Schaffer, the front man of the band Iced Earth, pleaded guilty to obstruction of an official proceeding and entering and remaining in a restricted building with a dangerous or deadly weapon. The first carries up to 20 years in prison, but federal sentencing guidelines call for about three years to 4 1/4 years, the judge said. Prosecutors may ask for an even lighter sentence in exchange for his cooperation against other defendants.
In New York this past week, a 37-year-old man who wasn’t part of the insurrection but admitted posting videos and other materials expressing support for the violent mob was convicted of federal charges of threatening to kill members of Congress. Prosecutors have said Brendan Hunt faces up to 10 years in prison.
If prosecutors seek stiff sentences for the lowest level Capitol riot defendants, they could lose their credibility with judges, said Laurie Levenson, a former federal prosecutor who now teaches at Loyola Law School. And if they set the standard too high, they’ll be juggling hundreds of cases going to trial instead of focusing on the major offenders. Those most serious cases are where prosecutors can and should send a strong message, Levenson said.
“If there’s any pressure on the Justice Department, it’s to deal with these cases in a way so that you never have to see them again,” she said. “And if people think that the price isn’t too high, who knows?”
At least one judge has expressed frustration at the pace of the prosecutions, which have overwhelmed the federal court already backlogged because of pandemic-related delays. On Tuesday, U.S. District Judge Christopher Cooper ordered the pretrial release of a man who was photographed sitting with his feet on a desk in House Speaker Nancy Pelosi’s office. The judge expressed concern that the case is moving too slowly.
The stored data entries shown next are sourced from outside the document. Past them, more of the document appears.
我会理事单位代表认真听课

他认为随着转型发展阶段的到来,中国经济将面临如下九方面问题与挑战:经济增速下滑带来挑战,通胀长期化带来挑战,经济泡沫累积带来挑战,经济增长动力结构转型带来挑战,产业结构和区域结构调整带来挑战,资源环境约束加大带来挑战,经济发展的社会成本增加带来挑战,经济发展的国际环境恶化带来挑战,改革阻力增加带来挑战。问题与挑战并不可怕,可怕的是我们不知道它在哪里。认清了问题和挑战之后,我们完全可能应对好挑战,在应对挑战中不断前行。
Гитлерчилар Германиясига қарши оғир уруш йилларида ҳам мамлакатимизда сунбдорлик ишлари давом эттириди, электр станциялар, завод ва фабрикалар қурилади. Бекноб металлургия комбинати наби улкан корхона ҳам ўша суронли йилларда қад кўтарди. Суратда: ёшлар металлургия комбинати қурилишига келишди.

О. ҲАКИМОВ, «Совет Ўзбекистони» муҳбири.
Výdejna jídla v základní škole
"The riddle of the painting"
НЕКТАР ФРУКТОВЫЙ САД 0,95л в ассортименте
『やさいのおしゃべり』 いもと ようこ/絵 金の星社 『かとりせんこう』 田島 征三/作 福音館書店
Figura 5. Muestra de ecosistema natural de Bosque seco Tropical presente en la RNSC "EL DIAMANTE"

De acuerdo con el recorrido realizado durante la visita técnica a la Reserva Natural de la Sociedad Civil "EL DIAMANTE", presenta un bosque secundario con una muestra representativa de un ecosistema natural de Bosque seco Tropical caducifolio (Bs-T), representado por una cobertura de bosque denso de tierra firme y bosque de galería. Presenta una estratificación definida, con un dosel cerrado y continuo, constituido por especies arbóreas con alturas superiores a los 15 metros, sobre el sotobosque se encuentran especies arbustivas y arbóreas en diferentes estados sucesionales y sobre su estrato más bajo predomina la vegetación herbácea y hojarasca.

Cooper noted that Richard Barnett has been jailed for nearly four months and questioned whether his time behind bars while the case is ongoing could exceed a possible sentence should Barnett plead guilty. The prosecutor estimated that the government would recommend a prison term ranging from nearly six years to 7 1/4 years if Barnett is convicted, though he could get credit for accepting responsibility if he pleads guilty.
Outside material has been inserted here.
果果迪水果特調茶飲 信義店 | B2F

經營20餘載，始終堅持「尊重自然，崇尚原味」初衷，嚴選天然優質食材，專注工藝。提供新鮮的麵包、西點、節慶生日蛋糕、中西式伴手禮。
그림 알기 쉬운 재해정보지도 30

In at least one instance, however, prosecutors have indicated they aren’t willing — at least yet — to let the defendant plead guilty to lesser charges.
A lawyer for Jenny Cudd, a West Texas flower shop owner who posted a video on Facebook bragging about the riot, told a judge during a hearing this week that prosecutors did not provide the defense with a plea offer.
“We inquired as to why, in response the government stated that we’re free to plead to a felony,” Cudd’s lawyer said. “To which we responded: ‘Is that a joke?’”
Richer reported from Boston. Associated Press reporter Michael Kunzelman in College Park, Maryland, contributed to this report.